## Goal of the exercise
Repeat each line of the records below exactly.
##############################
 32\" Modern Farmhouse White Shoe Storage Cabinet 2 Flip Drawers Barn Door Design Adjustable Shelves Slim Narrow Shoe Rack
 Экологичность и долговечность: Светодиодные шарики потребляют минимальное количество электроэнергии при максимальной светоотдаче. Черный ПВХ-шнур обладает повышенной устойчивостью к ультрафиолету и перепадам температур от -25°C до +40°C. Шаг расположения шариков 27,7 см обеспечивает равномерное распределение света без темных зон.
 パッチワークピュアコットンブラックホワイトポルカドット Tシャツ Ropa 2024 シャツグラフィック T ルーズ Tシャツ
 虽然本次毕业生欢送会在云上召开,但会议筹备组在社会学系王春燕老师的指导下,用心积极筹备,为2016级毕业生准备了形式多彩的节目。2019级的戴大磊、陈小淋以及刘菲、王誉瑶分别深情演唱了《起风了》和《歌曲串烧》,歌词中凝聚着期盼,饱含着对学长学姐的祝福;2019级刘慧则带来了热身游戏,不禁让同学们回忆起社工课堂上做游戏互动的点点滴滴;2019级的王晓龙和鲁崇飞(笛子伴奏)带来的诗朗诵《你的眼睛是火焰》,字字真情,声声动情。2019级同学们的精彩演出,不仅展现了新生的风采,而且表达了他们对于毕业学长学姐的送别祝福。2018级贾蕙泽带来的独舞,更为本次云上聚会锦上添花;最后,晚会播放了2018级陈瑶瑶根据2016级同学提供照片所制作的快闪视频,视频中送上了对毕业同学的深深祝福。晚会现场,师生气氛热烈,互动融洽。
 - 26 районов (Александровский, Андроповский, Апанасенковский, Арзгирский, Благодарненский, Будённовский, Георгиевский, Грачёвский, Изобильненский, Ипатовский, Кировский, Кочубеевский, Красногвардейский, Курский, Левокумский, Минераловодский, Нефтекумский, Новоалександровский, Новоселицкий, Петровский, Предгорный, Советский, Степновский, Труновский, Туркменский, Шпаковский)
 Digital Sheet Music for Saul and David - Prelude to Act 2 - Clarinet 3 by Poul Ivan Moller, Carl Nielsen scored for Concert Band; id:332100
##############################
## Task result
 32\" Modern Farmhouse White Shoe Storage Cabinet 2 Flip Drawers Barn Door Design Adjustable Shelves Slim Narrow Shoe Rack
 Экологичность и долговечность: Светодиодные шарики потребляют минимальное количество электроэнергии при максимальной светоотдаче. Черный ПВХ-шнур обладает повышенной устойчивостью к ультрафиолету и перепадам температур от -25°C до +40°C. Шаг расположения шариков 27,7 см обеспечивает равномерное распределение света без темных зон.
 パッチワークピュアコットンブラックホワイトポルカドット Tシャツ Ropa 2024 シャツグラフィック T ルーズ Tシャツ
 虽然本次毕业生欢送会在云上召开,但会议筹备组在社会学系王春燕老师的指导下,用心积极筹备,为2016级毕业生准备了形式多彩的节目。2019级的戴大磊、陈小淋以及刘菲、王誉瑶分别深情演唱了《起风了》和《歌曲串烧》,歌词中凝聚着期盼,饱含着对学长学姐的祝福;2019级刘慧则带来了热身游戏,不禁让同学们回忆起社工课堂上做游戏互动的点点滴滴;2019级的王晓龙和鲁崇飞(笛子伴奏)带来的诗朗诵《你的眼睛是火焰》,字字真情,声声动情。2019级同学们的精彩演出,不仅展现了新生的风采,而且表达了他们对于毕业学长学姐的送别祝福。2018级贾蕙泽带来的独舞,更为本次云上聚会锦上添花;最后,晚会播放了2018级陈瑶瑶根据2016级同学提供照片所制作的快闪视频,视频中送上了对毕业同学的深深祝福。晚会现场,师生气氛热烈,互动融洽。
 - 26 районов (Александровский, Андроповский, Апанасенковский, Арзгирский, Благодарненский, Будённовский, Георгиевский, Грачёвский, Изобильненский, Ипатовский, Кировский, Кочубеевский, Красногвардейский, Курский, Левокумский, Минераловодский, Нефтекумский, Новоалександровский, Новоселицкий, Петровский, Предгорный, Советский, Степновский, Труновский, Туркменский, Шпаковский)
 Digital Sheet Music for Saul and David - Prelude to Act 2 - Clarinet 3 by Poul Ivan Moller, Carl Nielsen scored for Concert Band; id:332100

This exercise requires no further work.